BAD AXE – After meeting behind closed doors Tuesday to hear legal advice on putting a halt to wind energy development in the county for the next six months, county commissioners plan to open the discussion to the public next week.

Following a 45-minute closed session, Board Chair John Nugent said an open discussion will be added to next week’s agenda to talk about a countywide wind energy moratorium.

That meeting is scheduled for 9 a.m. Tuesday, Jan. 27, at the county building, room 305.

“There was nothing earth-shattering that occurred in that meeting,” Nugent said, adding that the board is still considering its options and there’s “nothing to conceal from the public.”

The board voted 5-2 to exclude public from the conversation, which was scheduled to include the written legal opinion of the board’s attorney, Steve Allen.

Both Commissioners Clark Elftman and John Bodis cited open dialogue as part of the reason why they voted no on going into closed session.

“There wasn’t any reason for a closed session,” Elftman said. “That should be public knowledge.”

Elftman said he does not agree with anything about a moratorium, “not since it was handled from day one.”
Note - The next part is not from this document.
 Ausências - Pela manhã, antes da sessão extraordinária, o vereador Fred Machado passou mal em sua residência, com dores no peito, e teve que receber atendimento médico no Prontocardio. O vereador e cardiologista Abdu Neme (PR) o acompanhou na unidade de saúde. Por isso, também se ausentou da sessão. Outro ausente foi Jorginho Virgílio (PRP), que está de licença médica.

According to Bodis, the county should not have a moratorium at this point, and discussion should have stayed public because everyone was there and a lot of people had a lot of questions, he said.

“Do it now and be done with it; get it out and let everyone have input,” he said.
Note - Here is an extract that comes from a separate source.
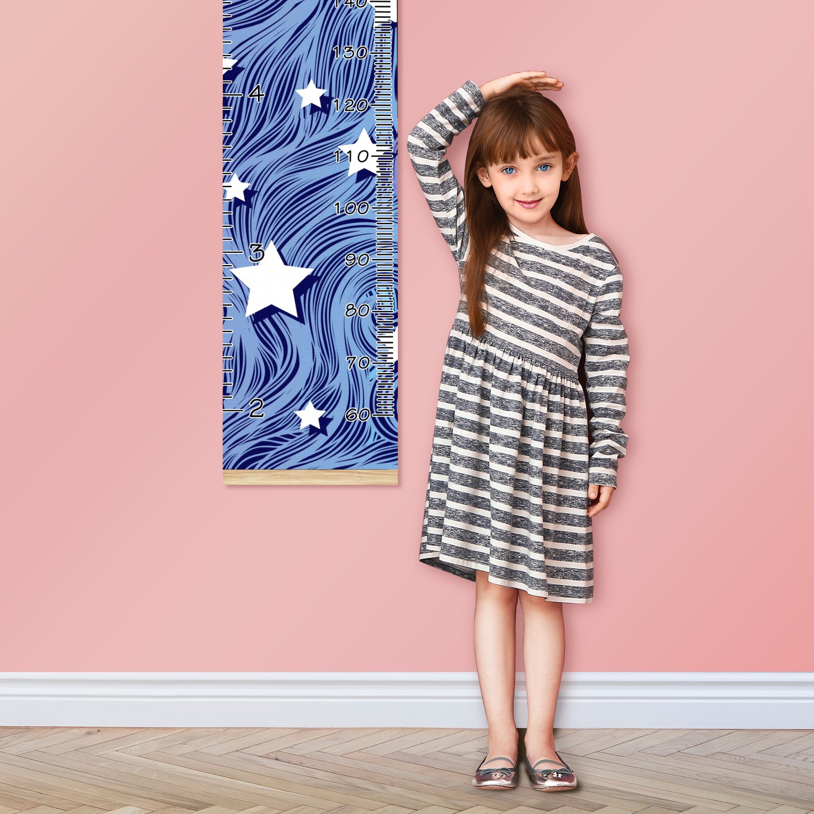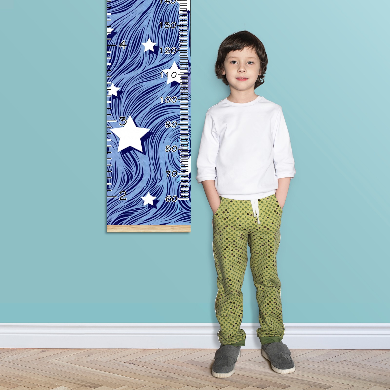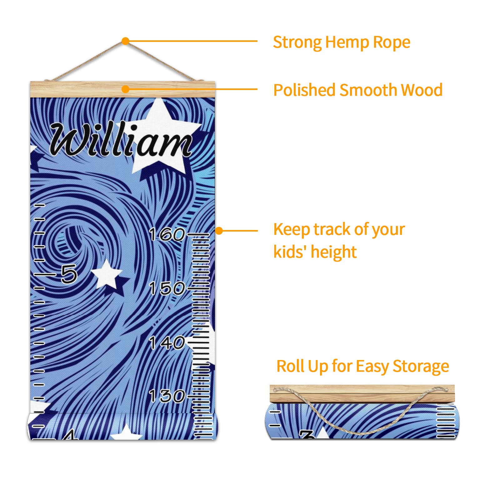 Personalized Kids Name Growth Chart Ruler for Wall Wood Frame Canvas Height Measure Chart 13.4x56 in Hanging Growth Chart Heat Wave Star Blue3.24 Boys Girls Room Decor

Bodis, along with other residents, commissioners and an acoustics firm hired to conduct sound testing for the county, say the county’s wind ordinance is deficient and should be revised. Setbacks from property, turbine noise and shadow flicker should be areas to revise, according to Bodis. And a six-month moratorium wouldn’t be necessary to do that, he said.

“I would hope that we would be able to revise some of the issues within our zoning ordinance in a fairly quick, timely fashion, once we get this (wind turbine sound) night study information,” Bodis said.

Bodis said two wind projects in the works have met requirements and that it wouldn’t be legally right to prohibit them from moving forward.

Wind developers continue to respond to the county’s consideration of a moratorium.

Mark Trumbauer, project manager at NextEra Energy, which developed Pheasant Run I and Brookfield Wind in western Huron County, said the company has invested $4 million in the past and has plans for more.

“We’d like to continue our testing so we can continue to put (meteorological) towers up and continue bat testing,” Trumbauer said.

Trumbauer said the company was looking for clarification on a moratorium.

“We want to make sure the interests that we have are protected,” he said.

That interest includes land leases in eastern Huron County townships near DTE’s Sigel wind park, but the company does not have a park planned for development in the county for 2015, he said.

Dan Ettinger, a Grand Rapids attorney for NextEra, said the concern is in the process of adopting a moratorium, that it is narrowly tailored.

“We support responsible wind development,” Ettinger said. “We want to be a constructive part of the process.”

Keith Iseler of Port Hope, speaking during public comment, said it “appears we have a lot of political gains going on here in this room.”

“If you do have a moratorium, it be open and above board, and that it not be simply a process or attempt to ‘by delay, we deny,’ ” Iseler said.

Huron Township Supervisor Bill Haas said the intent and wishes of the majority favoring wind energy should be looked at.

“The people in a particular project are happy with wind turbines,” Haas said. “I think this board should not try to stop that in any particular way.”

At past meetings, other residents respected the board for considering the moratorium, some in staunch support.